■ Exercise directions
Word for word, set down every line of the entries below from the line with "- стационарное место, оборудованное" to the line with "Tap the settings", including both, and no other line.

■ Input data
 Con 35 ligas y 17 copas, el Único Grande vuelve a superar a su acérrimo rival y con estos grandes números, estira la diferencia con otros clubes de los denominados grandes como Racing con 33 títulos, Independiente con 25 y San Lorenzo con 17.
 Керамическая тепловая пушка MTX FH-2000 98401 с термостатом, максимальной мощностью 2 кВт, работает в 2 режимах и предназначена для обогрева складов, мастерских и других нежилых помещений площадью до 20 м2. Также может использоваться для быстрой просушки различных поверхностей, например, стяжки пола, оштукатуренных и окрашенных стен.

* * *

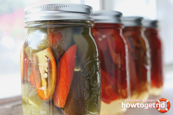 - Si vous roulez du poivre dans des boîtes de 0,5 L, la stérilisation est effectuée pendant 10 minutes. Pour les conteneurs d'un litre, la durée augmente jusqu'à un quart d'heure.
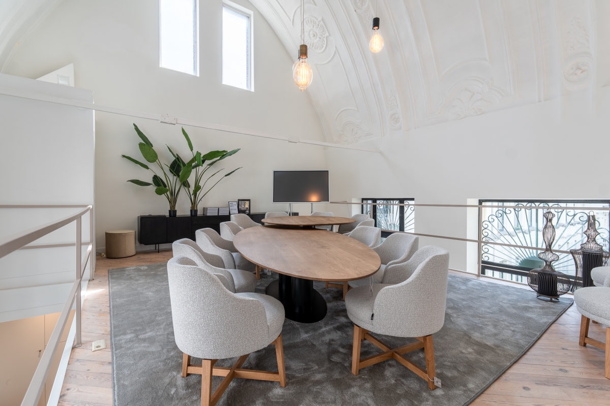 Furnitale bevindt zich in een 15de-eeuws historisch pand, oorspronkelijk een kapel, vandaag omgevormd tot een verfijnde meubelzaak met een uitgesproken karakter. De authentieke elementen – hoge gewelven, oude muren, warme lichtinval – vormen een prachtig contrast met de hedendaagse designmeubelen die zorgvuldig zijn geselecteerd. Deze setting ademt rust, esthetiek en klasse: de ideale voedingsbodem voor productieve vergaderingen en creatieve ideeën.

--

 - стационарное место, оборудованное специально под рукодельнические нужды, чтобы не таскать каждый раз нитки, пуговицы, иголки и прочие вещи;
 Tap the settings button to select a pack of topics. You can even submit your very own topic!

■ Task answer
 - стационарное место, оборудованное специально под рукодельнические нужды, чтобы не таскать каждый раз нитки, пуговицы, иголки и прочие вещи;
 Tap the settings button to select a pack of topics. You can even submit your very own topic!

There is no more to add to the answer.